Enzo Bettiza, 2014 – La Stampa 31/12/2014, 31 dicembre 2014
UNA POLVERIERA GLOBALE
Ammesso che la terza guerra mondiale sia già cominciata, secondo le preoccupate parole del Papa e le terribili immagini che ci giungono dai fronti in armi, sarebbe interessante fissare con maggiore precisione le responsabilità dei principali Paesi coinvolti e l’identità dei personaggi in campo.
«Siamo di fronte a un conflitto mondiale, ma a pezzetti», ha tuonato il pontefice. Pezzetti, un pulviscolo di conflitti, che compongono una nebulosa dai contorni indistinti in cui il concetto tradizionale di guerra risulta superato e obsoleto. Non più Stati sovrani belligeranti fra loro, bensì entità asimmetriche e transnazionali che si fronteggiano in modo caotico e imprevedibile, quasi sempre ai danni delle popolazioni civili. Non è forse un bollettino di guerra il numero, oltre cento, dei bambini massacrati dai taleban nella scuola militare di Peshawar, in Pakistan, il 16 dicembre scorso? E il rapimento delle 219 liceali portate via dalle milizie islamiche di Boko Haram in una scuola cattolica in Nigeria non è anche quello un bottino e un luttuoso trofeo di guerra?
Guerra non convenzionale anche nelle acque d’Europa, un’ecatombe che fa del Mediterraneo un cupo cimitero a cielo aperto, una fossa comune che inghiotte nel silenzio migliaia di migranti e di rifugiati politici lasciati affogare.

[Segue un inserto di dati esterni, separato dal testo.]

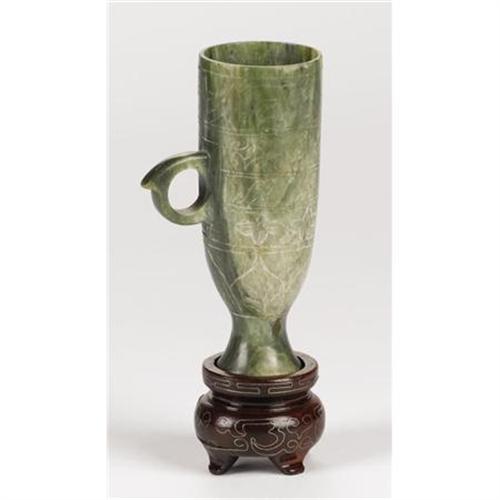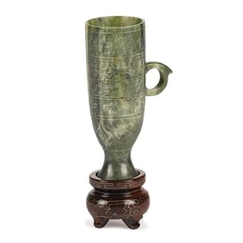 <B>A Green Hardstone Carving of a Handled Beaker</B></I><BR>5-1/4 inches tall <BR><BR><b>Shipping:</b> Requires 3rd Party Shipping (<a target="_blank" href="http://www.heritageauctions.com/common/shipping.php">view shipping information</a>)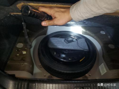 打开后备箱,掀开后备箱底板,可以看到备胎以及随车工具齐全。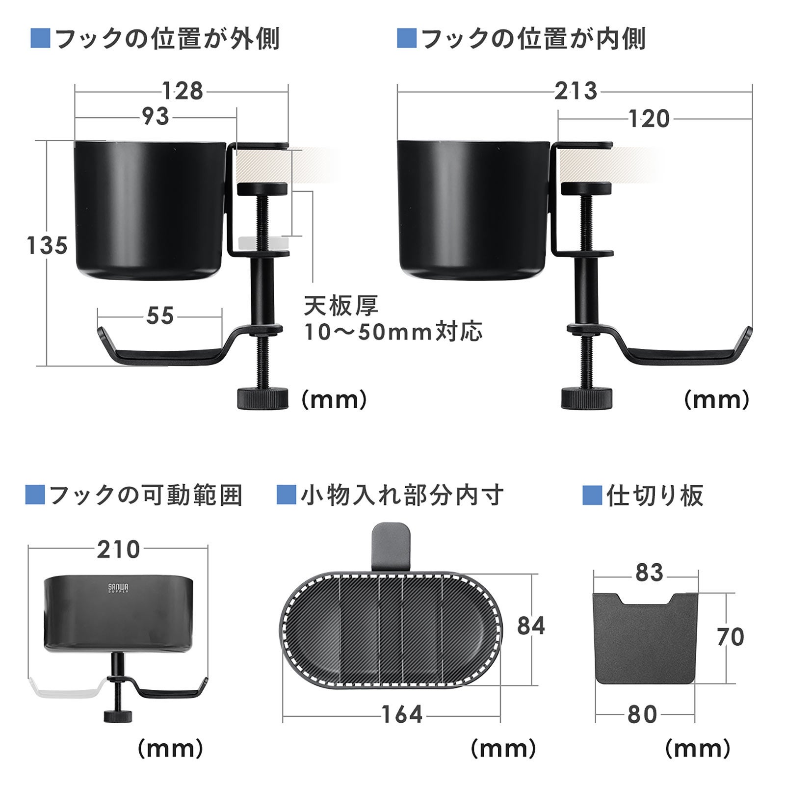 工具を使わずに装着できるクランプ固定式です。厚さ10~50mmまでのデスク天板に固定できます。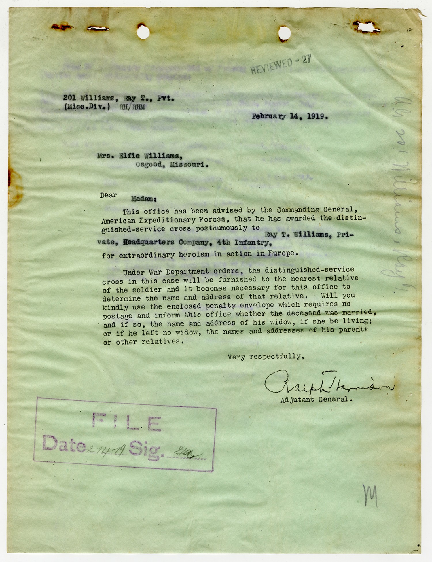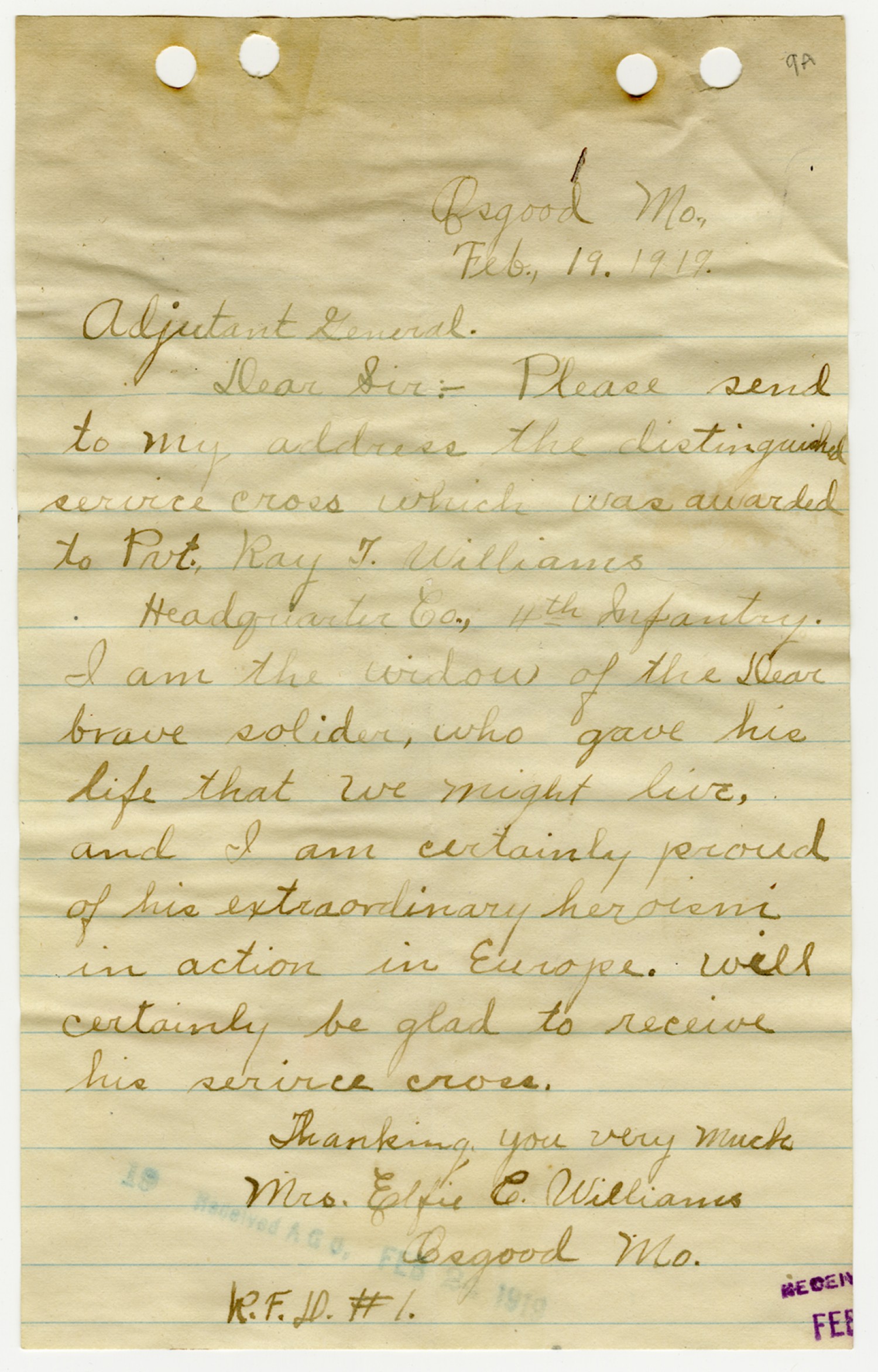 Elfie C. Williams letter to the Adjutant General - February 19, 1919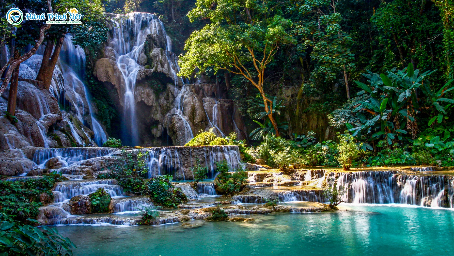 - Khu du lịch thác Kuang si – Thác nước đẹp bậc nhất của xứ Thượng Lào, cao 120m với làn nước xanh ngọc bích. Quý khách tự do check-in quang cảnh rừng núi Thượng Lào và vui chơi tắm suối.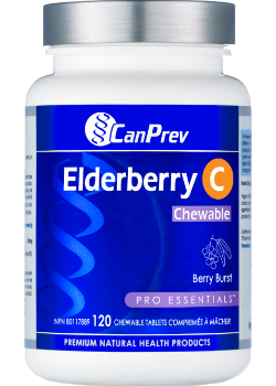 CanPrev’s Elderberry C Chewable tablet is formulated with pure European black Elderberry extract, plus plenty of vitamin C. A serving delivers 14% anthocyanins and brings with it the immune care you might need to help relieve cold and flu symptoms like fever, cough, sore throat, or upper respiratory ailments. Elderberries are a rich source of phenolic acid, flavonols, and anthocyanins – powerful antioxidants good for our daily health. Likewise, vitamin C aids in the production of white blood cells, which work to protect the body against infection while acting as an antioxidant capable of preventing oxidative stress. Elderberry C Chewables are formulated by CanPrev with a natural Berry Burst flavour suitable for ages 3 and up.

In Nigeria come nel Sahel, in Siria come in Afghanistan le forze internazionali di vigilanza sembrano arretrare di fronte al divampare dei nuovi focolai di conflitto. In Afghanistan, in particolare, dopo la decisione di dichiarare la fine delle operazioni di combattimento annunciata dal generale americano Campbell, la situazione appare tutt’altro che risolta o conclusa. Davvero ottimiste le parole del generale - «Abbiamo portato gli afghani fuori dall’oscurità e dalla disperazione» - se si considera che, soltanto negli ultimi due mesi, Kabul è stata teatro di nove feroci attentati terroristici.
Se poi dall’Asia spostiamo lo sguardo in direzione dell’Europa e dei suoi confini orientali, incontriamo un’altra anomala crisi, non più solo latente, ai margini dell’impero di Putin. L’ultimo zar del Cremlino non è certo estraneo all’esercizio di forme di guerra non convenzionale. È palese il suo disegno di grandeur geopolitica volto a ripristinare il prestigio e il peso internazionale di Mosca. Il crollo del rublo sta a dimostrare quali siano oggi le armi e gli strumenti di offesa con cui si combatte in un clima di nuova guerra fredda. Una guerra che assegna crescente importanza tattica e strategica non più solo agli eserciti e ai militari, ma anche a banche, a multinazionali, e a centri di potere finanziario-economico. Se di terza guerra mondiale si tratta, a connotarla è un dosato stillicidio di ostilità sull’orlo del baratro nucleare.